KETIKA BANTUAN DITOLAK


Karya: Eko Windarto 

Para korban,
bencana menggulung Aceh dan Sumatera,
rumah hilang, keluarga terpisah,
rasa aman hancur, jiwa terperangkap sunyi.

Menteri Sosial berkata,
“Sepuluh ribu rupiah per hari.”
Sepuluh ribu
lebih murah dari parkir dua jam di kota besar ini.

Di sisi lain,
negara membelanjakan lima belas ribu untuk satu piring MBG,
sekali makan—sekali kenyang.

Apa arti angka-angka itu?
Satu piring lebih bernilai dari manusia kehilangan segalanya?

Mari hitung sederhana,
satu juta manusia di pengungsian,
sepuluh ribu rupiah sehari,
sepuluh miliar untuk mengisi perut, minum, obat, air bersih, harga diri yang hilang.

Datang bantuan,
dari Malaysia, dari langit Uni Emirat Arab,
beras dan logistik
solidaritas yang mengalir dari hati dunia.

Tapi apa kata negara?
Ditolak.

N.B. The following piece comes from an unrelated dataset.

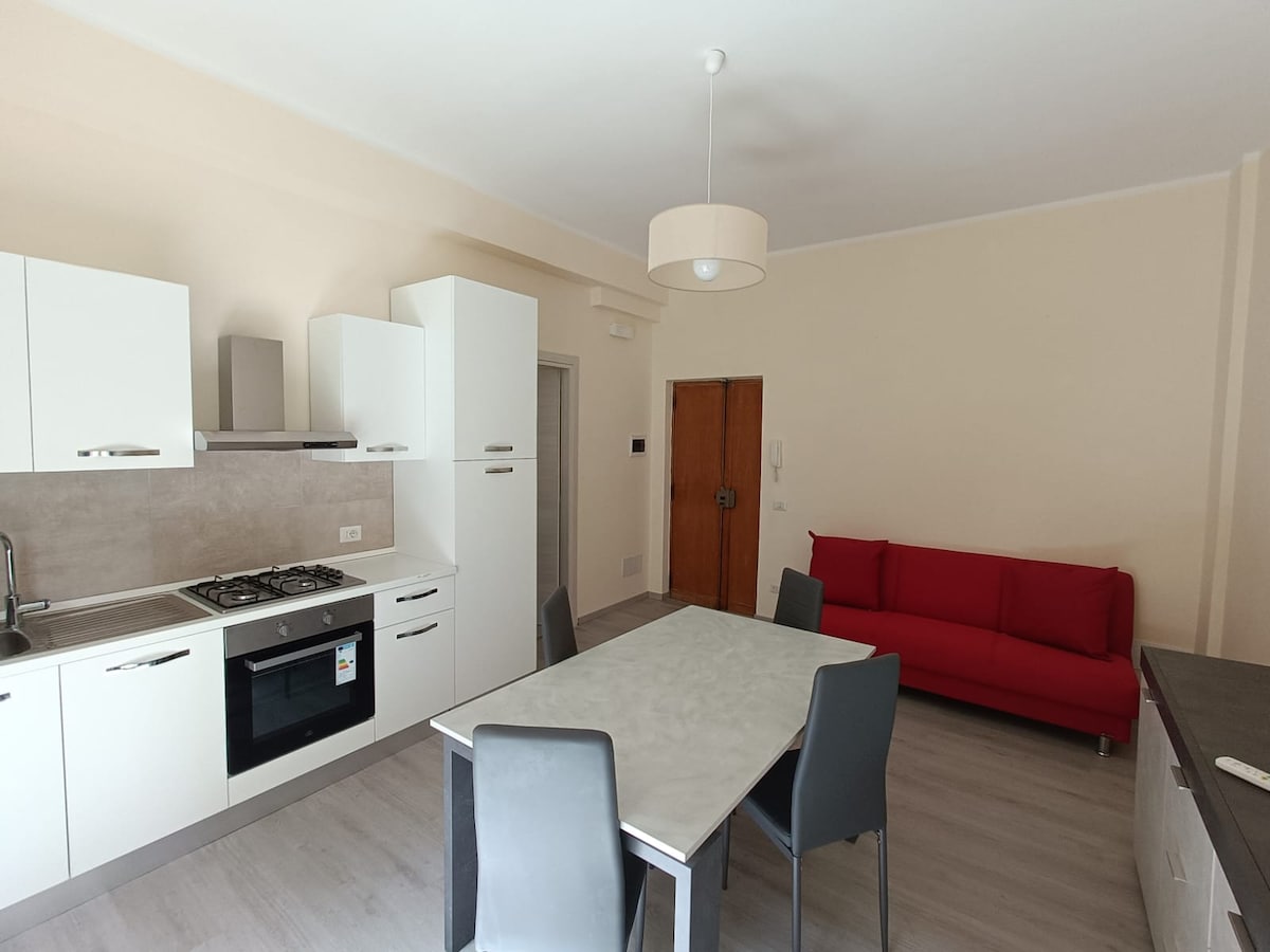 Moderno appartamento al primo piano di un edificio recentemente ristrutturato. Luminoso e accogliente, offre un ampio terrazzo privato, ideale per una colazione al sole o un aperitivo all’aperto. Perfetto per un soggiorno breve, unisce comfort e praticità. La posizione è ottima per chi arriva con il treno, con la stazione e la caserma a soli 5 minuti a piedi. L'appartamento dispone di una cucina attrezzata con utensili base e, grazie all'ascensore, l'accesso è comodo e senza difficoltà.

Dikembalikan.

Dengan alasan prosedur,
dengan dalih gengsi dan kedaulatan bahasa kosong.
Padahal yang lapar tidak hidup dari protokol dan kehilangan rumah tidak kenyang oleh simbol yang hampa.

Ironi yang mencabik:
angka kebijakan dibanggakan
sementara wajah pengungsi tertutup lumpur dan debu kesedihan dan nganga luka.

Ini bukan soal uang,
ini soal malu segede gunung Semeru.
dalam nurani moral yang terkikis,
solidaritas dibuang di depan pintu. 

Negara seharusnya berdiri di garis depan menerima kepedulian, bukan memantulkan bantuan dengan segenggam alasan.

Dalam bencana,
yang diuji bukan hanya mesin birokrasi kaku, tapi hati dan nurani kekuasaan yang manusiawi.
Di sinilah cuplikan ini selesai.